Directions: The output should match, line for line, the records from the line containing "1pc Flowers and" through the line containing "Monday was an", with every picture left out.

Records for this exercise:
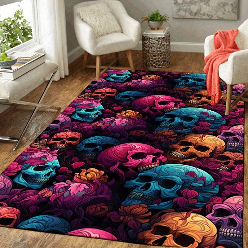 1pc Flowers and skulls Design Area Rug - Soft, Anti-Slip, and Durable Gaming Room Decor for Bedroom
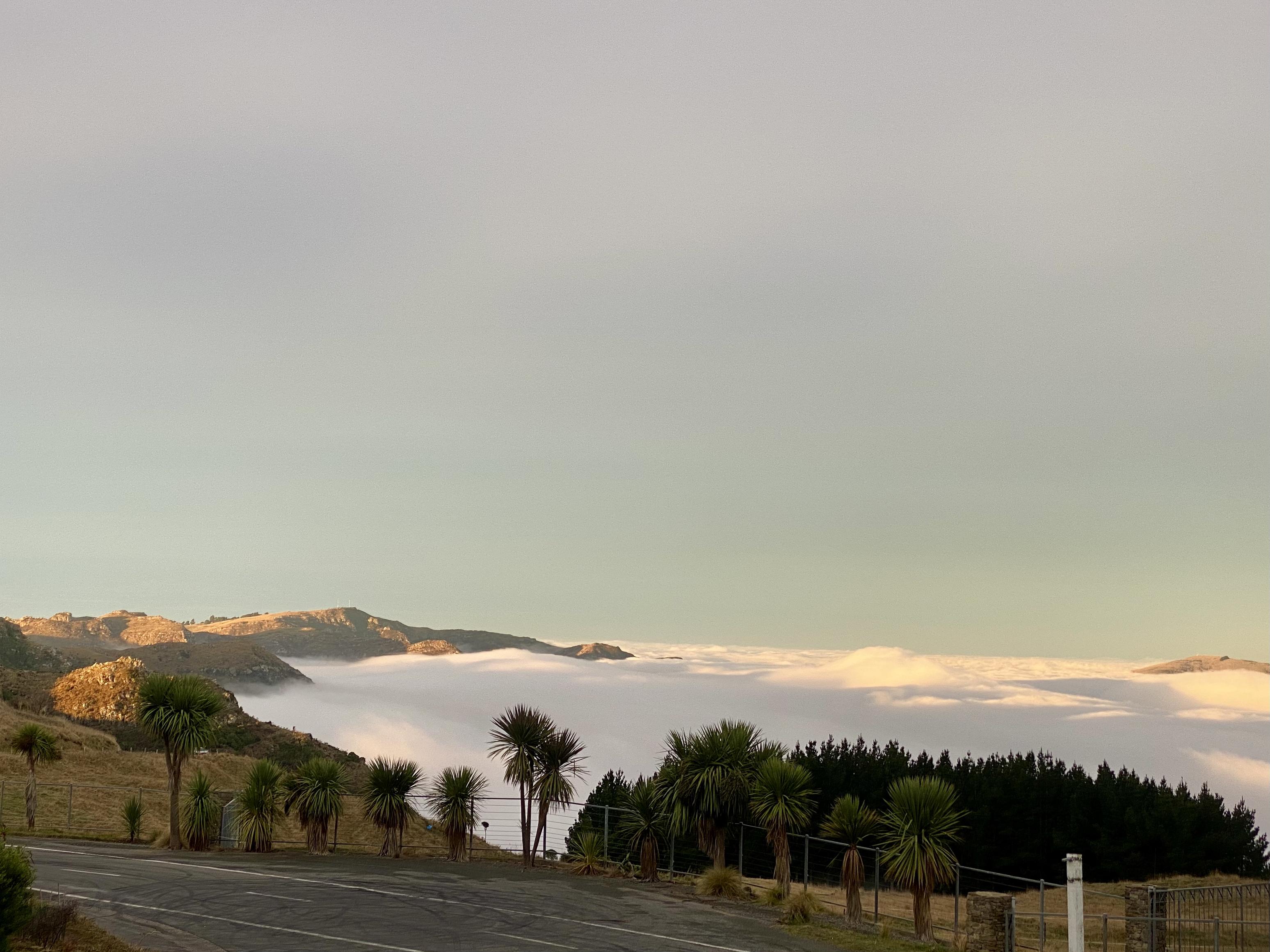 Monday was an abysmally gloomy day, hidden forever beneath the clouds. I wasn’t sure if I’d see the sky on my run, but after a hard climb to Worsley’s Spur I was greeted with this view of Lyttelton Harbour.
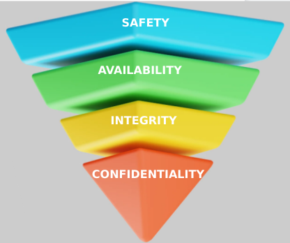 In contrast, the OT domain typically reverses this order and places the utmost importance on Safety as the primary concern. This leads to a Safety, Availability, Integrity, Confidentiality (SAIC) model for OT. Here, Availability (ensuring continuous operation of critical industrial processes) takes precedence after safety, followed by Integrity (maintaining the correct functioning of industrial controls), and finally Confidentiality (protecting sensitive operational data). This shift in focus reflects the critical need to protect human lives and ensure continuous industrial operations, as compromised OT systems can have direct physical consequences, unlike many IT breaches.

---

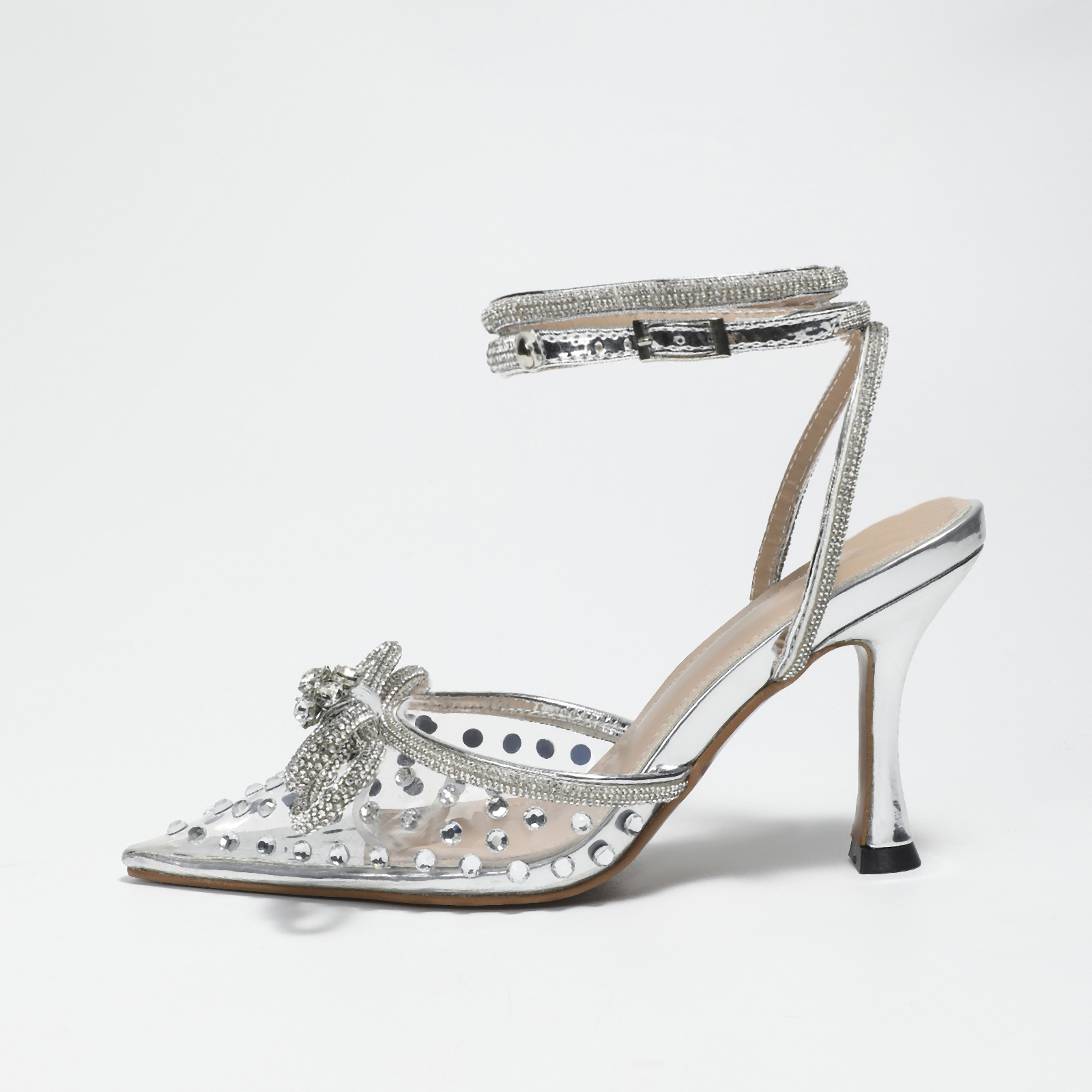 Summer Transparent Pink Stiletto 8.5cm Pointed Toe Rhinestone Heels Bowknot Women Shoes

Task answer:
 1pc Flowers and skulls Design Area Rug - Soft, Anti-Slip, and Durable Gaming Room Decor for Bedroom
 Monday was an abysmally gloomy day, hidden forever beneath the clouds. I wasn’t sure if I’d see the sky on my run, but after a hard climb to Worsley’s Spur I was greeted with this view of Lyttelton Harbour.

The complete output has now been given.